Provided information →

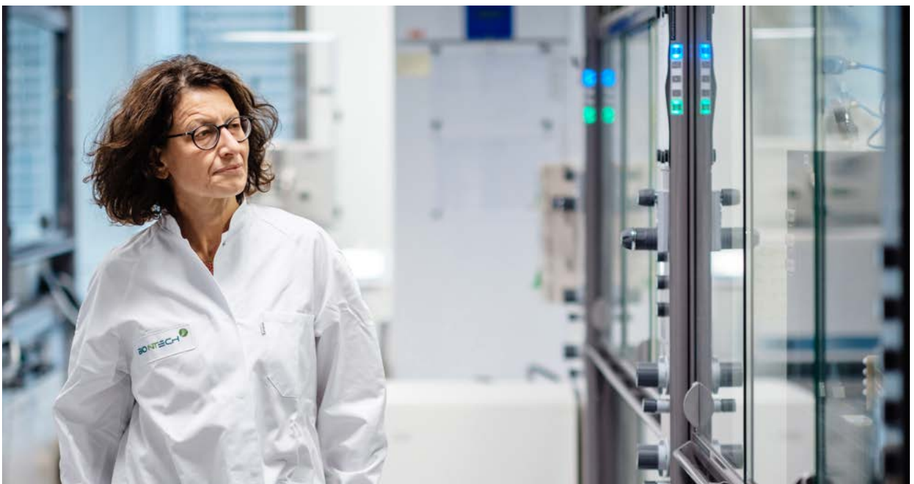
Özlem Türeci et son époux, Uğur Şahin, sont surnommés l'« équipe de rêve », BioNTech ayant rencontré un premier succès avec son vaccin contre le COVID-19.

Le dépistage, le suivi et le traçage sont des étapes cruciales pour empêcher la propagation du virus. L'entreprise polonaise Scope Fluidics a mis au point un système rapide de détection des agents pathogènes viraux et bactériens. Le dispositif entièrement automatisé peut identifier jusqu'à 20 agents pathogènes distincts en 15 minutes. La technologie de Scope Fluidics a une autre application importante au-delà de la pandémie de COVID-19. L'entreprise a créé un système qui aide les médecins à identifier les bactéries résistantes aux médicaments , l'une des plus grandes menaces pour la santé au-delà du COVID-19. Grâce à cette technologie, les médecins pourraient déterminer plus facilement quelles combinaisons d'antibiotiques et d'autres médicaments seraient effi-
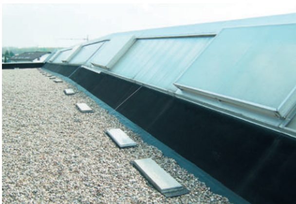
Baumarkt, Baden-Baden, ExtruBit Dachabdichtung, 4.500 m 2
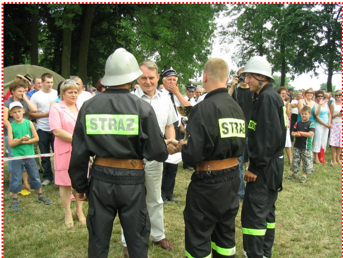
Drużyna OSP Sadłowo odbiera puchar za zwycięstwo z rąk wójta gminy Ryszarda Potwardowskiego
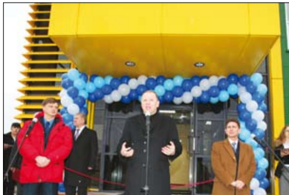
«Это важное событие областного значения», — подчеркнул губернатор Калининградской области Н.Н. Цуканов и пожелал успехов трудовому коллективу
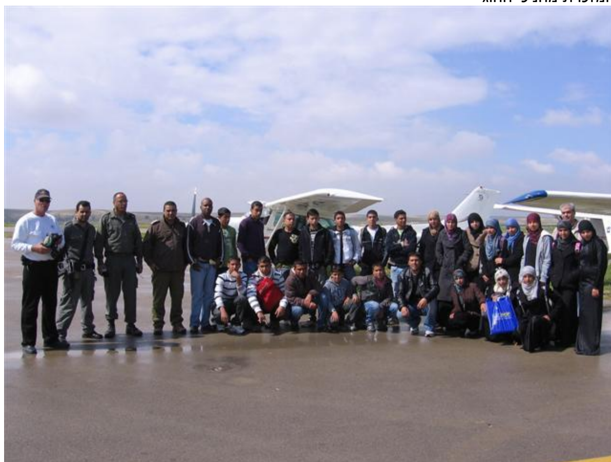
תמונה קבוצתית בשדה תימן

ולסיום החוג חפלה בדואית על האש בפארק אופקים.
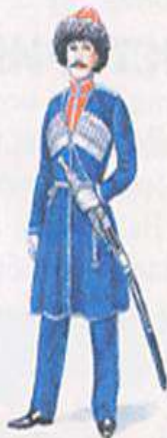
Форменная казачья одежда. Середина XIX в.
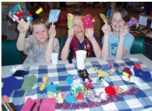
Totalt kr. 69.161 ble samlet inn.
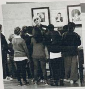
L'atelier d'arte per i piccoli

Una raccolta di dodici brani, nove dei quali cantati in duetto con Fiorella Mannoia, Serena Autieri, Luca Carboni, Federico Zampaglione, Massimo Ranieri, Paola Turci, Gigi D'Alessio e Alice. E' lo stesso Ron a sottolineare in numerose interviste l'emozione del tour: "ogni volta che le cantavo era come scoprire un mondo e al tempo stesso non c'era bisogno che già le conoscessi. Ho uno stupore continuo ogni sera che le canto, è come riscoprire una seconda volta cose che ho sempre conosciuto".
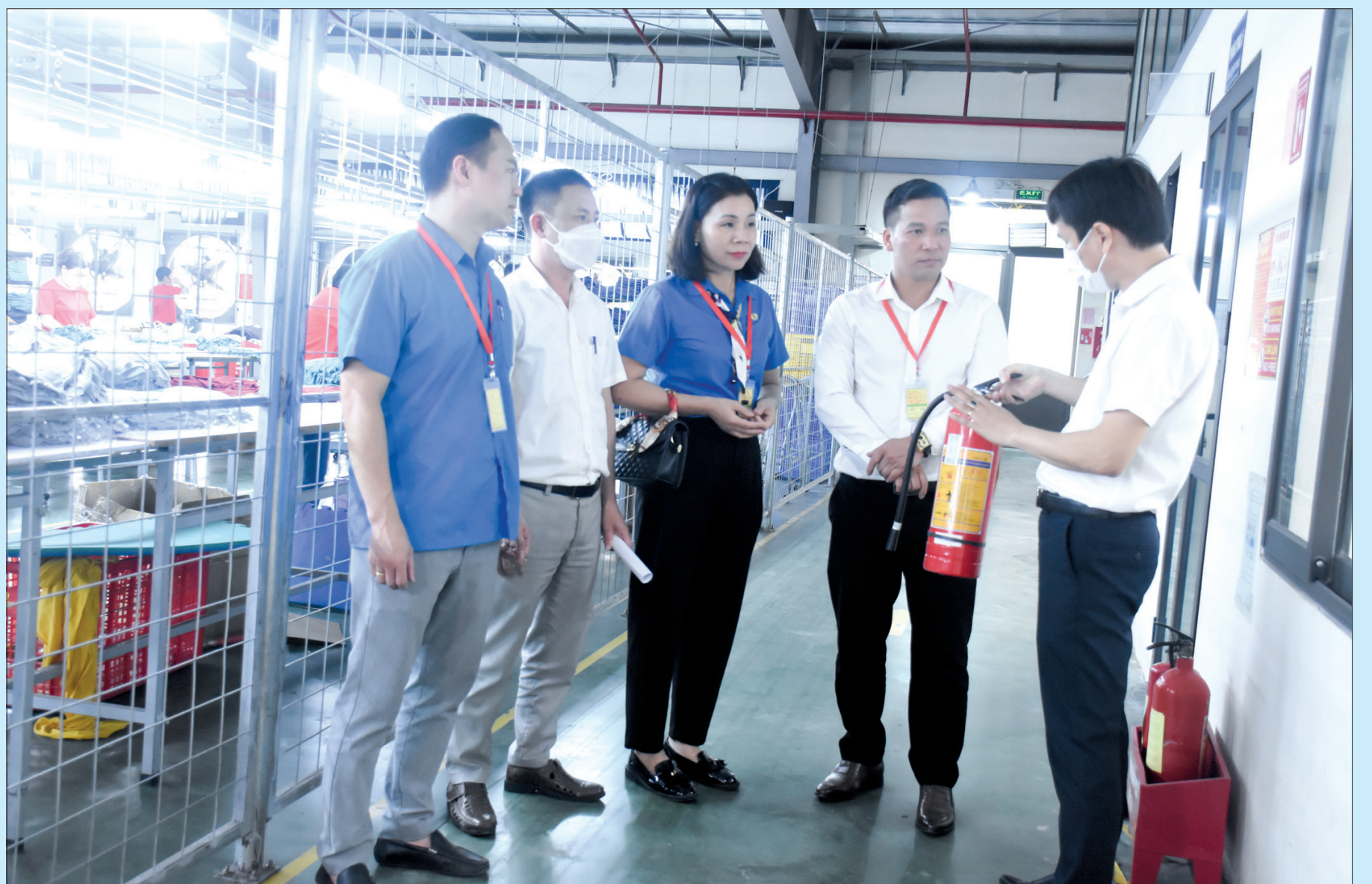
Công ty Cổ phần Tập đoàn may Đại Dương luôn thực hiện tốt các quy định về an toàn, vệ sinh lao động.

Exercise prompt →
Search the data for the string "sont". List each line that has it.

Expected answer →
Özlem Türeci et son époux, Uğur Şahin, sont surnommés l'« équipe de rêve », BioNTech ayant rencontré un premier succès avec son vaccin contre le COVID-19.
Le dépistage, le suivi et le traçage sont des étapes cruciales pour empêcher la propagation du virus. L'entreprise polonaise Scope Fluidics a mis au point un système rapide de détection des agents pathogènes viraux et bactériens. Le dispositif entièrement automatisé peut identifier jusqu'à 20 agents pathogènes distincts en 15 minutes. La technologie de Scope Fluidics a une autre application importante au-delà de la pandémie de COVID-19. L'entreprise a créé un système qui aide les médecins à identifier les bactéries résistantes aux médicaments , l'une des plus grandes menaces pour la santé au-delà du COVID-19. Grâce à cette technologie, les médecins pourraient déterminer plus facilement quelles combinaisons d'antibiotiques et d'autres médicaments seraient effi-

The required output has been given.